Investigating the burden of antibiotic resistance in ethnic minority groups in high-income countries: protocol for a systematic review and meta-analysis.

BACKGROUND: Antibiotic resistance (ABR) is an urgent problem globally, with overuse and misuse of antibiotics being one of the main drivers of antibiotic-resistant infections. There is increasing evidence that the burden of community-acquired infections such as urinary tract infections and bloodstream infections (both susceptible and resistant) may differ by ethnicity, although the reasons behind this relationship are not well defined. It has been demonstrated that socioeconomic status and ethnicity are often highly correlated with each other; however, it is not yet known whether accounting for deprivation completely explains any discrepancy seen in infection risk. There have currently been no systematic reviews summarising the evidence for the relationship between ethnicity and antibiotic resistance or prescribing. METHODS: This protocol will outline how we will conduct this systematic literature review and meta-analysis investigating whether there is an association between patient ethnicity and (1) risk of antibiotic-resistant infections or (2) levels of antibiotic prescribing in high-income countries. We will search PubMed/MEDLINE, EMBASE, Global Health, Scopus and CINAHL using MESH terms where applicable. Two reviewers will conduct title/abstract screening, data extraction and quality assessment independently. The Critical Appraisal Skills Programme (CASP) checklist will be used for cohort and case-control studies, and the Cochrane collaboration's risk of bias tool will be used for randomised control trials, if they are included. Meta-analyses will be performed by calculating the minority ethnic group to majority ethnic group odds ratios or risk ratios for each study and presenting an overall pooled odds ratio for the two outcomes. The Grading of Recommendations, Assessments, Development and Evaluation (GRADE) approach will be used to assess the overall quality of the body of evidence.

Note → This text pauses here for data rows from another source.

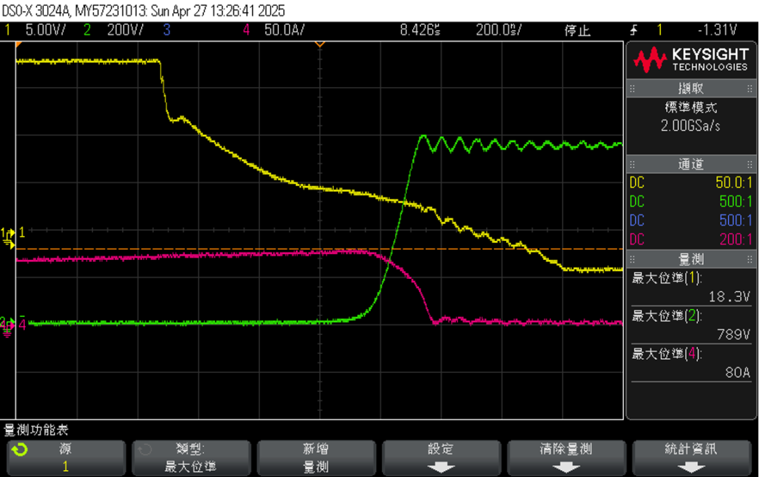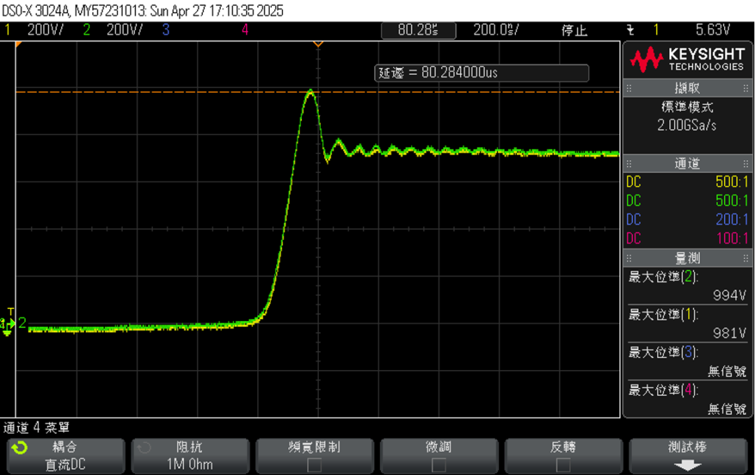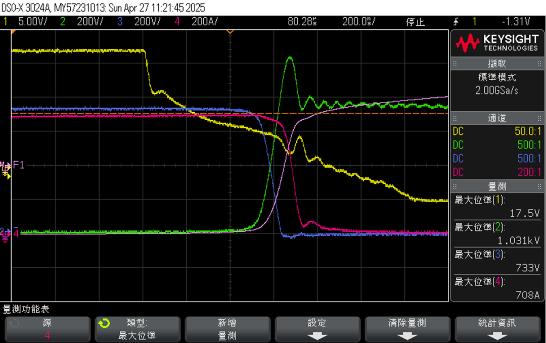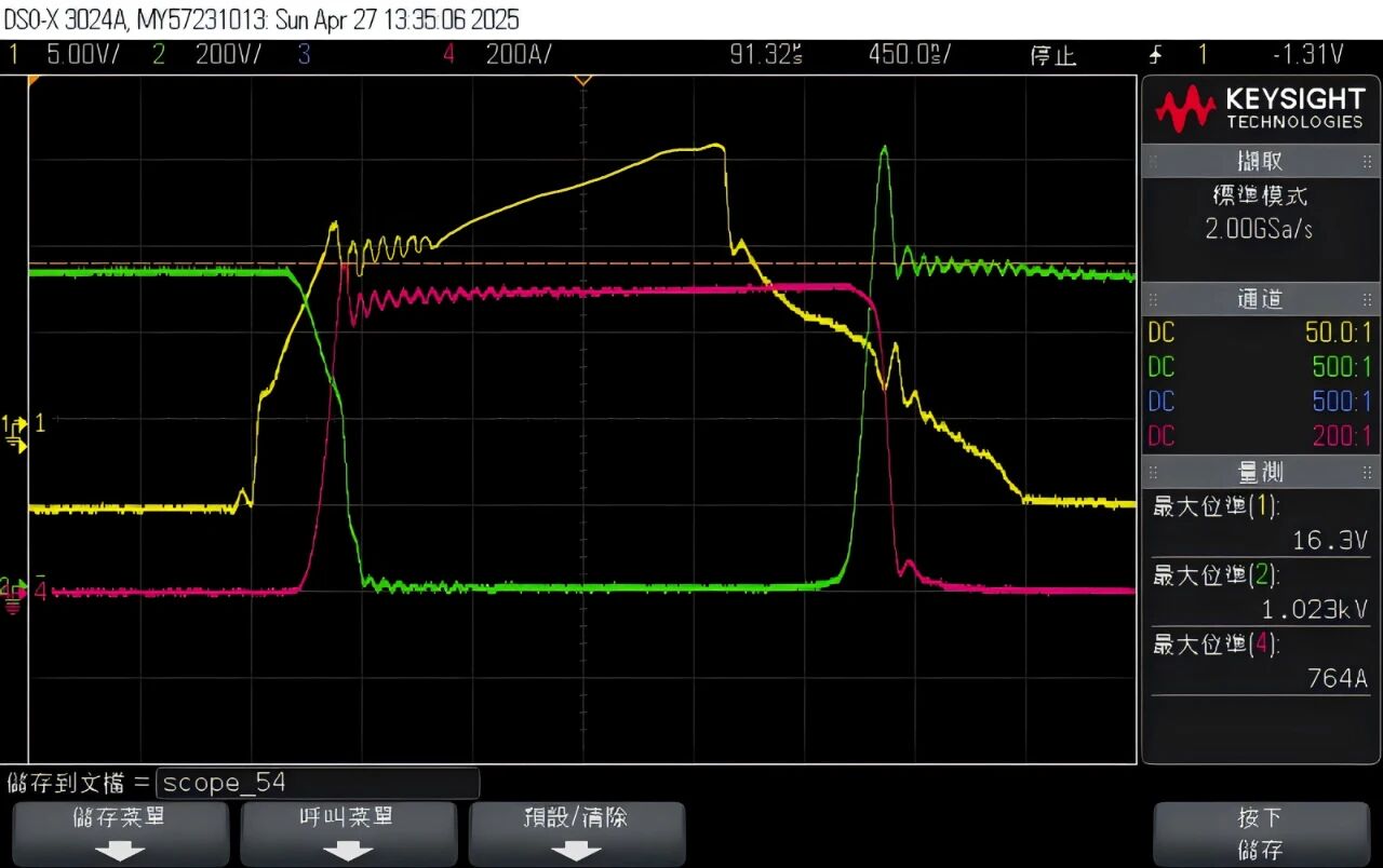 750V/700A双脉冲最大应力1023V,在安全范围内且有较大余量
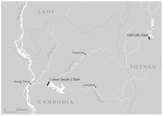 Since 2000, Cambodia has experienced strong economic growth, which has subsequently resulted in increased electricity demand. In the 2000s, the vast majority of Cambodians did not have access to electricity, with 60% of urban dwellers and only 10% of rural inhabitants having access [32], and even as of 2018, Cambodia’s electrification rate was still only 60%. Moreover, half of the country’s rural population still lack ready access to electricity [33]. To meet this demand, the government has partially turned to hydropower. While a number of dams have been built outside of the Mekong River Basin in southern Cambodia [34], we focus on two projects within the Mekong River Basin. The first is the Yali Falls Dam, situated in the Central Highlands of Vietnam, and the second being the Lower Sesan 2 Dam, which operates as a run-of-the-river dam [35] and is situated in northeastern Cambodia. Both dams are constructed in the Sesan River Basin and have caused considerable social and environmental impacts on upstream and downstream ecologies and peoples. On 17 December 2018, Cambodia’s Prime Minister Hun Sen inaugurated the Lower Sesan 2 (LS2) hydropower plant (Figure 1) [36]. LS2 has been met with considerable controversy and resistance from local peoples and their supporters since its inception [26,37,38]. The tendency to oppose the dam stems from the ecological and social impacts borne by people living in northeastern Cambodia downstream from the Yali Falls Dam (completed in 2001) and other dams on the Vietnamese side of the border. The transboundary and cumulative character of these projects has been an added challenge for those downstream in Cambodia [15,16,39].
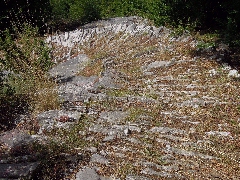 plupart du temps à quelque 10-15 mètres au-dessus du lit de la rivière. (1h45) Plus loin, nous descendons jusqu’ à la hauteur du lit: ici, nous devons passer à gauche à travers un muret (petit triangle rouge), mais le sentier poursuit ensuite à droite, d’ abord le long du muret, puis juste à côté du lit. Un peu plus loin, nous passons encore à travers une brèche: le beau sentier forestier continue parfois à côté de murets, et aussi à côté de la paroi rocheuse raide.
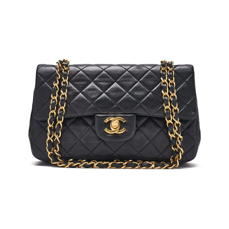 Vintage Chanel Classic Double Flap Shoulder Bag Small Black
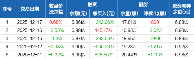 亿帆医药:融资净偿还242.06万元,融资余额6.86亿元(12-17)
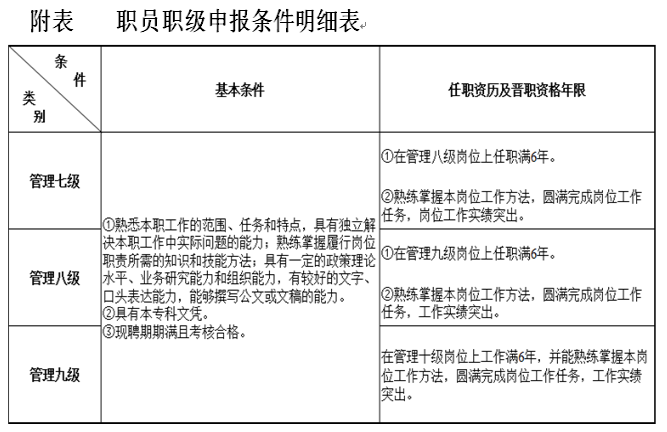 1.管理职员评聘的申报对象:现聘管理岗位的工作人员。本次管理岗位职员制的试点工作,仅针对管理岗位职级的九级、八级和七级进行。
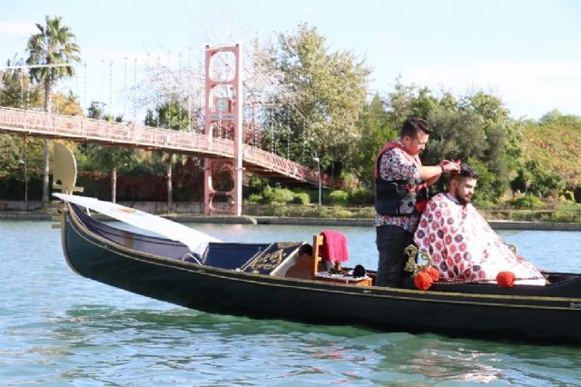 Adana'da farklı bir deneyim yaşamak isteyen kuaför ve müşterisinin Seyhan Nehri'nde kiraladıkları gondolda yaptıkları tıraş keyfi, renkli görüntüler oluşturdu.
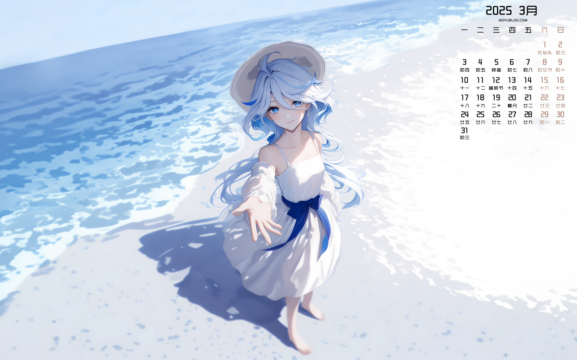 蓝色水面2024年8月日历桌面壁纸高清风景
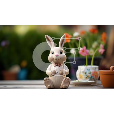 Υπάρχει δυνατότητα προσωποποίησης με δική σας φωτογραφία και προσαρμογής διαστάσεων κατόπιν παραγγελίας. Το συγεκεριμενο puzzle παρουσιαζει Η εικόνα απεικονίζει ένα λευκό ειδώλιο κουνελιού που κάθεται σε ένα τραπέζι εξωτερικού χώρου, δίπλα σε πολλά φυτά και λουλούδια σε γλάστρες. Μπορεί να είναι μέρος μιας διακόσμησης με θέμα το Πάσχα ή μπορεί απλώς να τοποθετηθεί εκεί για αισθητικούς λόγους. Υπάρχουν επίσης μερικ
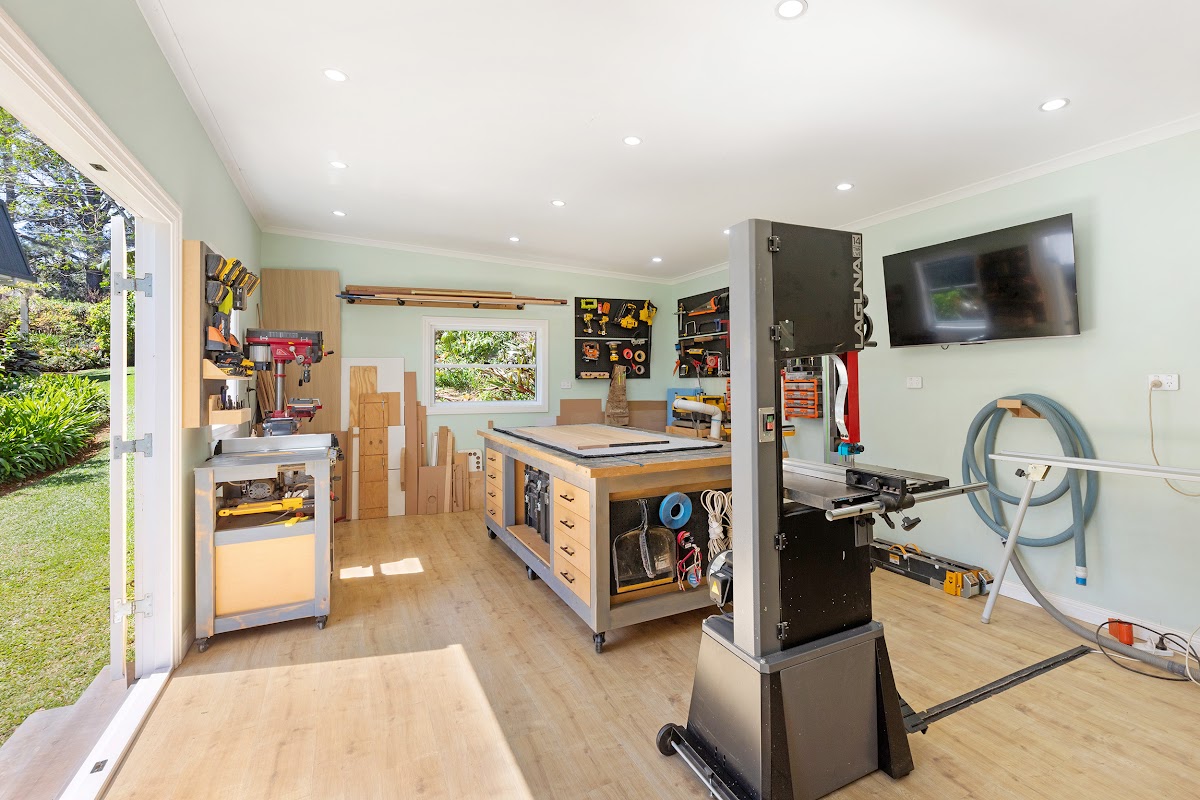 * Separate studio/workshop fully lined, floating floors, extensive lighting, and air conditioned, perfect for an artists studio, yoga room
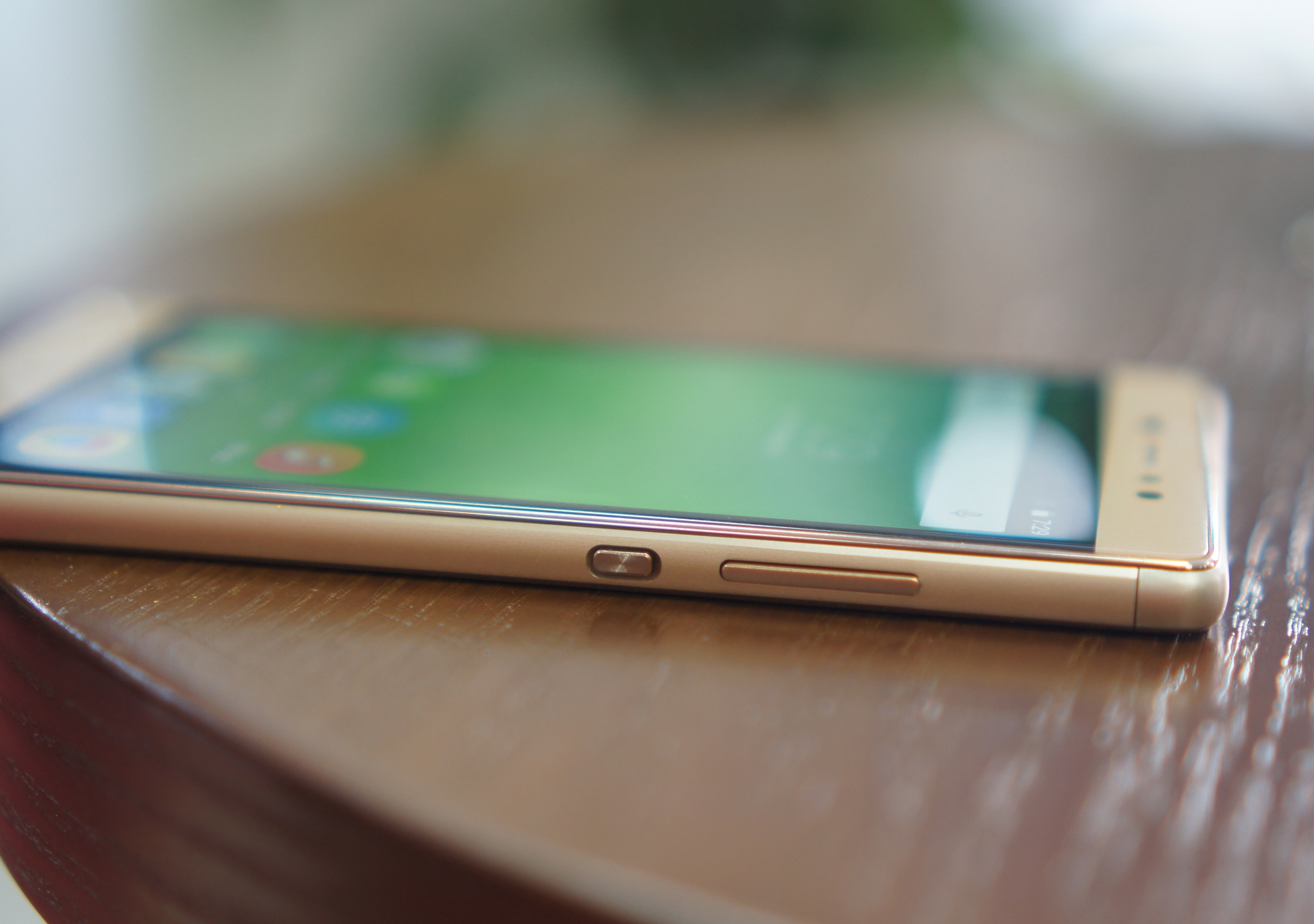 | Nút nguồn cách điệu và nút tăng, giảm âm lượng ở cạnh phải. |

DISCUSSION: In this systematic review and meta-analysis, we will aim to collate the available evidence of whether there is a difference in rates of AMR and/or antibiotic prescribing in minority vs. majority ethnic groups in high-income countries. Additionally, this review will highlight areas where more research needs to be conducted and may provide insight into what may cause differences in this relationship, should they be seen. SYSTEMATIC REVIEW REGISTRATION: PROSPERO ( CRD42016051533 ).